LIFE: A USER’S MANUAL
Karl J. Volk, New York: I am afraid that I do not know who Maurizio Cattelan is. I would like to know.
Maurizio Cattelan: A lazy overachiever running downhill.
Patrick Prince, San Diego: How was your life before you became a successful artist?
MC: I was a loser, most concerned with making a living. It took me 30 years to understand that if I was a failure it wasn’t my fault. I had to reinvent a system, find a way out, and set some rules that could work for me and a few others. I guess in the end that’s what we all are trying to do.
Joop van Allen, Amsterdam: How do you manage your daily life?
MC: I’m quite maniacal and repetitive. I free myself from anything that can disturb me. I try not to own anything.
Dirk Böckler, Cologne: What should an artist do to become successful?
MC: I don’t have any recipes, also because I don’t think I did anything special. Just try to become someone else.
HOME SWEET HOME
Claudio Sichel, Italy: How much has the Paduan art scene of the ’80s influenced your work?
MC: I don’t believe in scenes or groups. Besides, in Padua I was taking evening classes to become an electrician. There wasn’t much time for art.
Martine Deny, Luxembourg: What attracted you to art?
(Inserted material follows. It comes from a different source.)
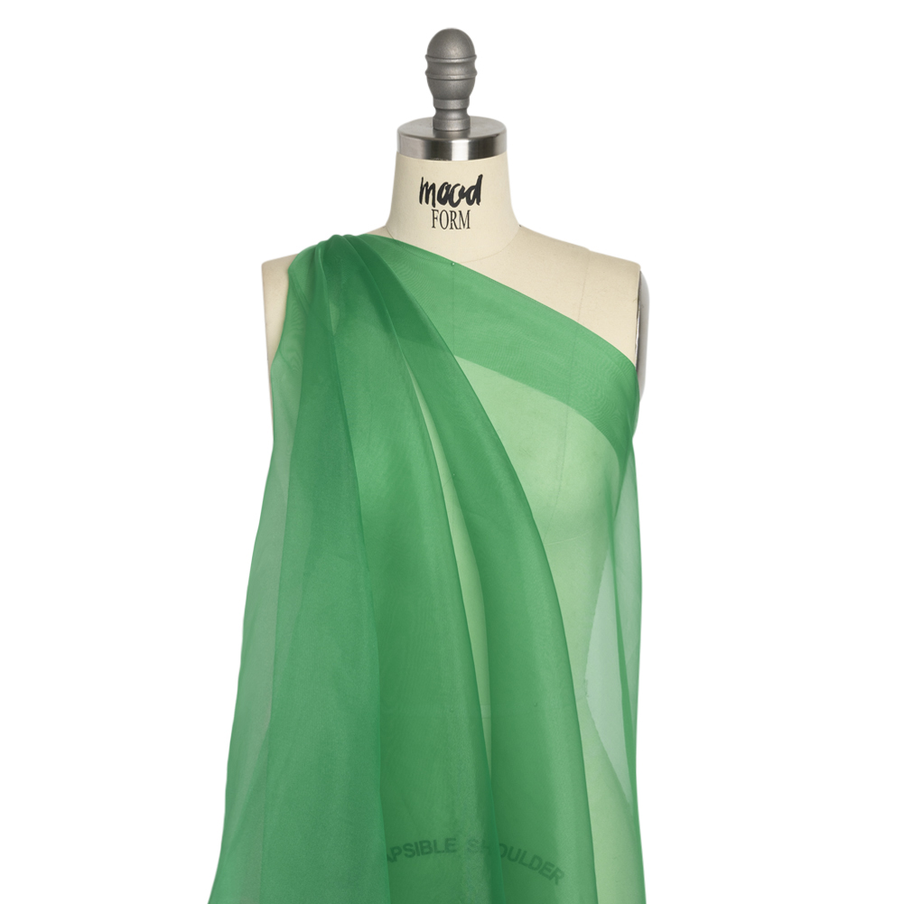 Gatsby believed in the green light almost as much as we believe in this Kelly Green Polyester Organza! Ideal for inserts and overlays, it has a grainy hand, crisp drape, and sheer nature.Suggested Projects: Dresses, Skirts, Evening WearContent: 100% PolyesterStretch: NoneOpacity: SheerCreate enchanting pieces with this organza. The bright green face has a stunning luster and a grainy hand. Used as a sheer insert or an overlay, the crisp drape adds volume to dresses and skirts. For the fashion designer and home sewist alike, this affordably elegant fabric produces high-quality garments for formal events, weddings, costume parties, and more! Depending on the application, a lining may be desired.Pair premium quality with affordability in our Exclusive Basics Collections! Explore colorful polyester organza and more, perfect for creating special occasion looks on a budget.

MC: I got to art via trial and error. Maybe it was simply the last port of call. They accepted me, with my doubts, my fears, and I think that made the difference.
WE ARE TOO MANY
Samuel Bryson, London: For many years on the occasion of public appearances you have sent Massimiliano Gioni in your place with the purpose of impersonating you. How did this personality-splitting game start, and what significance do you give to it?
MC: We haven’t split, just multiplied. For me there’s no secret meaning or deceit behind this gesture; it’s just a way to solve a problem. I don’t know how to talk in public, so someone else can go and do it better. And when Massimiliano answers, he also copies, recycles, and invents. The fact is that I am terribly scared of boredom. To hear someone else describe your work is always a surprise. And I think people need more doubts and fewer certainties.
Sonja Wessel, Vienna: Who’s answering now? You? Someone else? Massimiliano Gioni?
MC: The answer is inside of you, and it’s wrong.
COME AS YOU ARE
Susan Kendzulak, Taipei: Why?
MC: Because I can’t do anything else.
Stéphane Ollivier, France: For you, what is the aim of art today?
MC: The word ‘aim’ makes me think of shooting a gun. I’m not so interested in targets or aims. I prefer mistakes.
Carla Roncato, Milan: What were you thinking about when you hammered the hands of the kid [in Charlie Don’t Surf, 1997] to his school desk?
MC: I was wondering what hurts more: a pencil through a hand or failing first grade.
Bettina Funcke, New York: What was the most intriguing copyright problem you ran into during your career as an artist?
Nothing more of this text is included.